7.2. Cohort-Level Real-World Performance Study Report

At cohort completion, Helena Bioinformatics produces a Real-World Performance Study Report. This is the primary scientific output of the study and is structured to be peer-publishable.

• Title and Abstract: Cohort identifier, classifier version, key findings.

• Introduction: Background on Helena, classifier methodology (ACMG/AMP 2015 with ClinGen SVI specifications), study purpose.

• Methods: Cohort selection criteria, processing pipeline, classifier version, reference sources used, comparison methodology, COI disclosure.

• Results - Layer 1: Detection performance with attention to upstream pipeline failures.

• Results - Layer 2: Classification concordance against each reference source. Inter-laboratory concordance with peer laboratory benchmarked against published literature. Multi-source agreement analysis.

• Results - Layer 3: Clinical workflow metrics.

• Discussion: Methodological characterization of PARTIAL/DISCORDANT cases. Identified defects and remediation status. Limitations. Comparison to published benchmarks.

• Conclusions: Study scope and findings stated honestly. Foundational evidence framing for downstream regulatory work.

• Appendices: All Per-Case Performance Reports, classifier version manifest, reference database snapshots, COI Disclosure Registry.

7.3. Identified Defects and Change Request Tracking

All identified defects, methodology gaps, and improvement opportunities are entered into a centralized Change Request log. Log entries contain: discovery date, source case(s), description, severity, assigned Change Request identifier, status, target resolution, post-remediation re-validation requirement.

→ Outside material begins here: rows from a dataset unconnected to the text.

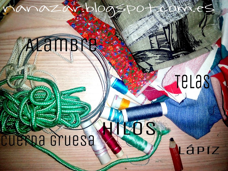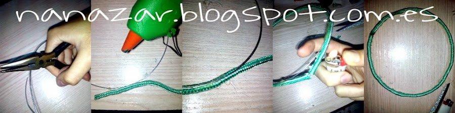 Lo bueno de crearlo tú mismo, es que podemos hacerlo de la medida que queramos. Corta la longitud del alambre que quieras y pega con silicona caliente o cualquier otro adhesivo una cuerda gruesa (yo he utilizado la de tender la ropa) Los extremos de este tipo de cuerda, con un mechero se pueden quemar y unir, ya que es pegajoso. (Si tu cuerda no hace esta función, pégala con cualquier pegamento normal)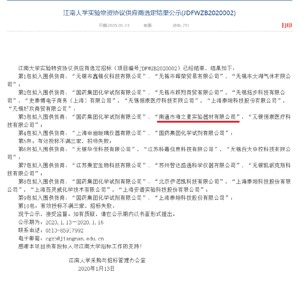 江南大學實驗物資協議供應商選定結果公示(JDFWZB2020002)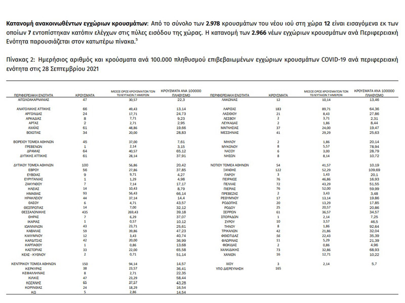 Όπως αναφέρει η σχετική ανακοίνωση, «τα νέα εργαστηριακά επιβεβαιωμένα κρούσματα της νόσου που καταγράφηκαν τις τελευταίες 24 ώρες είναι 2.978, εκ των οποίων 7 εντοπίστηκαν κατόπιν ελέγχων στις πύλες εισόδου της χώρας. Ο συνολικός αριθμός των κρουσμάτων ανέρχεται σε 651.378 (ημερήσια μεταβολή +0.5%), εκ των οποίων 50.9% άνδρες. Με βάση τα επιβεβαιωμένα κρούσματα των τελευταίων 7 ημερών, 86 θεωρούνται σχετιζόμενα με ταξίδι από το εξωτερικό και 3.223 είναι σχετιζόμενα με ήδη γνωστό κρούσμα.

7.4. Optional Academic Peer Review

Real-World Performance Study Reports may optionally be submitted to one or more independent academic clinical geneticists for pre-publication peer review. This is not formal regulatory adjudication but standard scientific peer review practice. Reviewer feedback is documented and addressed in the final report. Reviewers acknowledged in the report. Reviewer COI disclosed in line with Section 8.

9.1. Phased Pathway

This Framework operates within Phase 1 of an explicitly phased pathway toward eventual regulatory submission. Phase progression is conditional on organizational growth and is not pursued at the expense of current activities.

9.2. Differences in Future Phases

Activities reserved for Phase 2 and Phase 3 (and not pursued in current Phase 1) include:

• Formal external adjudication panels (multi-adjudicator, paid engagement)

• Independent operator structure (no peer laboratory affiliations)

• Pivotal Cohort composition (60/30/10 positive/negative/edge)

• Multi-site validation across independent laboratories

• Pre-submission Notified Body consultations

• Risk Management File at full ISO 14971 detail

• Quality Management System at full ISO 13485 detail

9.3. Foundational Evidence Carryforward

Real-World Performance Studies conducted under this Framework produce foundational evidence that is carried forward to future Pivotal submissions. Specifically:

• Performance characterization data is cited as preliminary evidence supporting platform readiness.

• Identified defects and remediation history demonstrate active quality management posture.

• Methodology rationale established in published literature provides scientific defense for classifier choices.

• Multi-source agreement analysis demonstrates that Helena classifications align with broader expert consensus where peer-reference disagreements occur.

This Framework outputs are therefore not consolation work for premature regulatory submission. They are appropriate-stage scientific evidence with permanent value across the regulatory pathway.